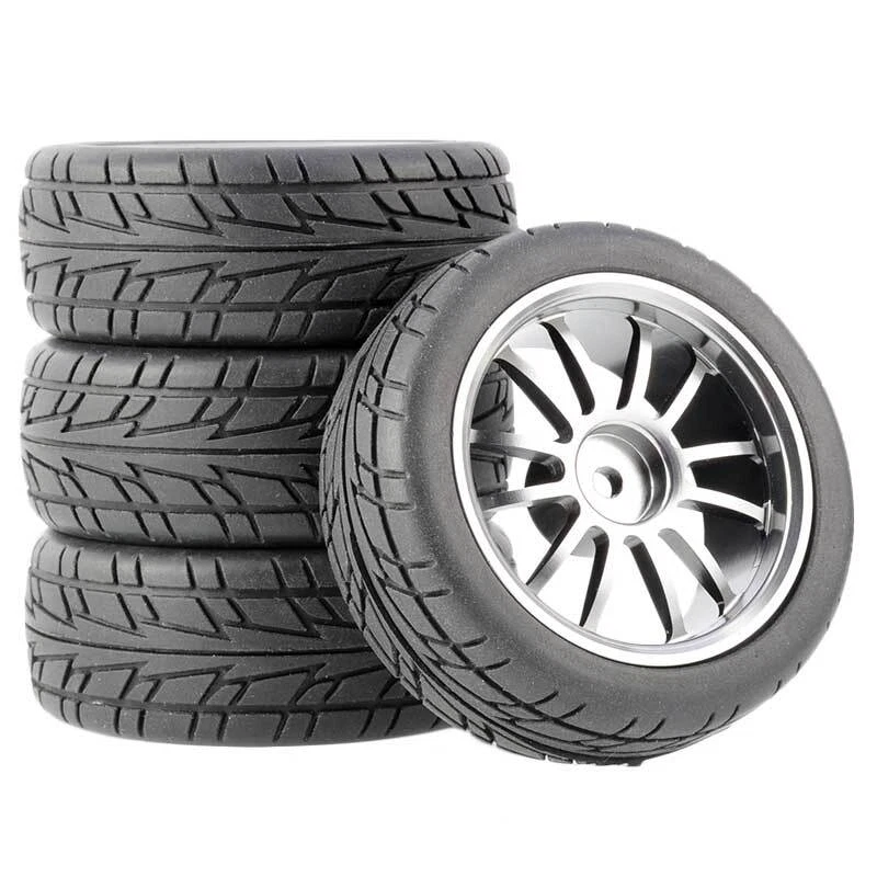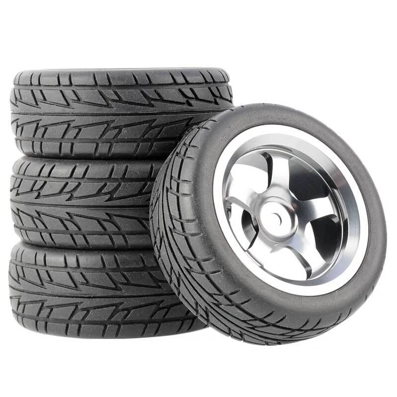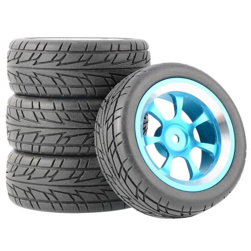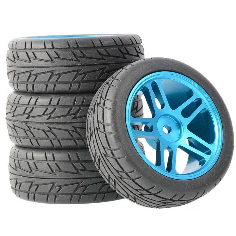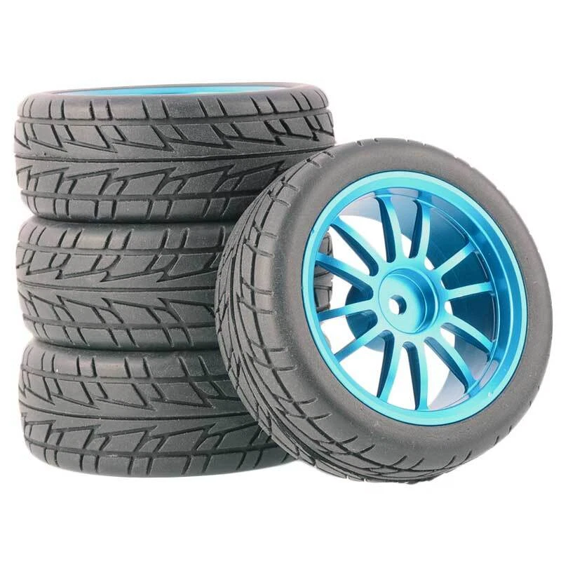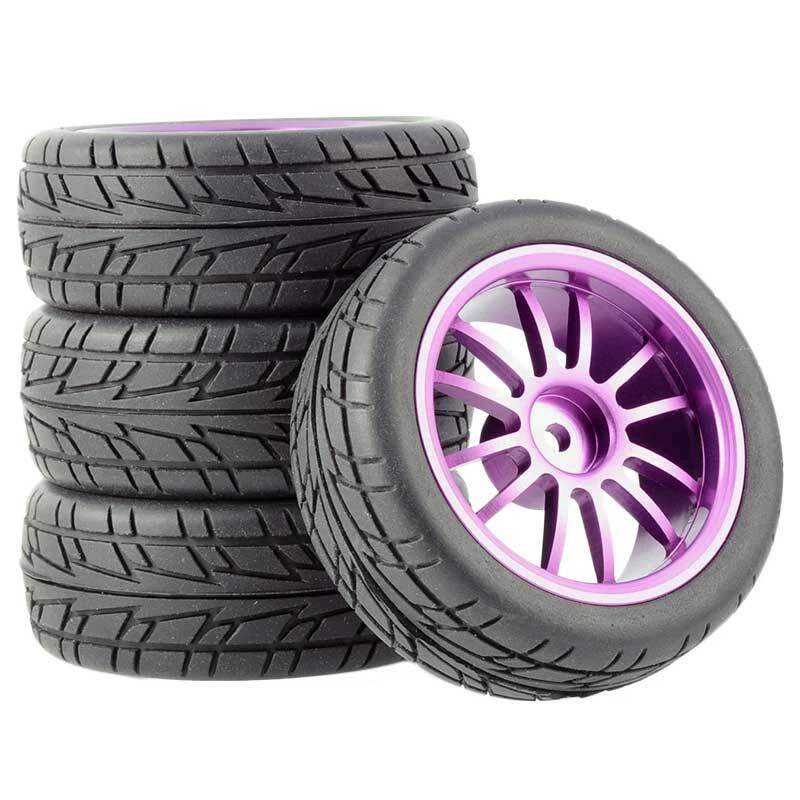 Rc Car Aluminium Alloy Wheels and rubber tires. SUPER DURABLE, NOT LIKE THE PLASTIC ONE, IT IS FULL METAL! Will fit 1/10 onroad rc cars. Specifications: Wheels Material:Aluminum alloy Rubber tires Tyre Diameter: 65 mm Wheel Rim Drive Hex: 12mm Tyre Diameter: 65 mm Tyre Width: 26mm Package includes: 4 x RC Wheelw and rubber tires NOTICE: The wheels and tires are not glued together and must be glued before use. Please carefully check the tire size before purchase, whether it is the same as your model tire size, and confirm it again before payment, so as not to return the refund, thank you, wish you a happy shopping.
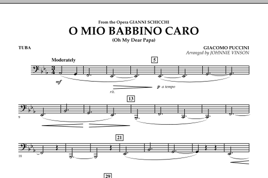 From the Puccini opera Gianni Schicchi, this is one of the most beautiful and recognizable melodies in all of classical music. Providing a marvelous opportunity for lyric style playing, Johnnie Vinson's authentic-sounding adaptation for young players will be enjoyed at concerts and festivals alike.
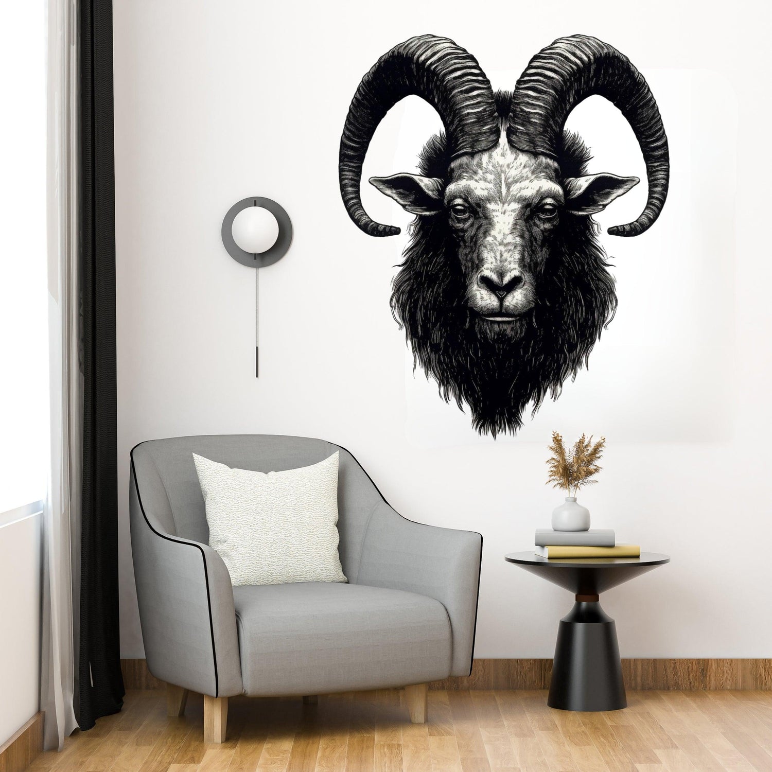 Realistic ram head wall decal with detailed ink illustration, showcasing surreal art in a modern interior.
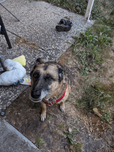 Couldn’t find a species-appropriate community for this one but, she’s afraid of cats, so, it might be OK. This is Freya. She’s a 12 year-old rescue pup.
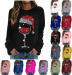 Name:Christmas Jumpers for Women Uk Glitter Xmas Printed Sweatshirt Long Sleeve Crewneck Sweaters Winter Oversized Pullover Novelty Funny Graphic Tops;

----------------

Required work.
With the pictures removed, return each record above exactly as given.

Expected answer.
 Rc Car Aluminium Alloy Wheels and rubber tires. SUPER DURABLE, NOT LIKE THE PLASTIC ONE, IT IS FULL METAL! Will fit 1/10 onroad rc cars. Specifications: Wheels Material:Aluminum alloy Rubber tires Tyre Diameter: 65 mm Wheel Rim Drive Hex: 12mm Tyre Diameter: 65 mm Tyre Width: 26mm Package includes: 4 x RC Wheelw and rubber tires NOTICE: The wheels and tires are not glued together and must be glued before use. Please carefully check the tire size before purchase, whether it is the same as your model tire size, and confirm it again before payment, so as not to return the refund, thank you, wish you a happy shopping.
 From the Puccini opera Gianni Schicchi, this is one of the most beautiful and recognizable melodies in all of classical music. Providing a marvelous opportunity for lyric style playing, Johnnie Vinson's authentic-sounding adaptation for young players will be enjoyed at concerts and festivals alike.
 Realistic ram head wall decal with detailed ink illustration, showcasing surreal art in a modern interior.
 Couldn’t find a species-appropriate community for this one but, she’s afraid of cats, so, it might be OK. This is Freya. She’s a 12 year-old rescue pup.
 Name:Christmas Jumpers for Women Uk Glitter Xmas Printed Sweatshirt Long Sleeve Crewneck Sweaters Winter Oversized Pullover Novelty Funny Graphic Tops;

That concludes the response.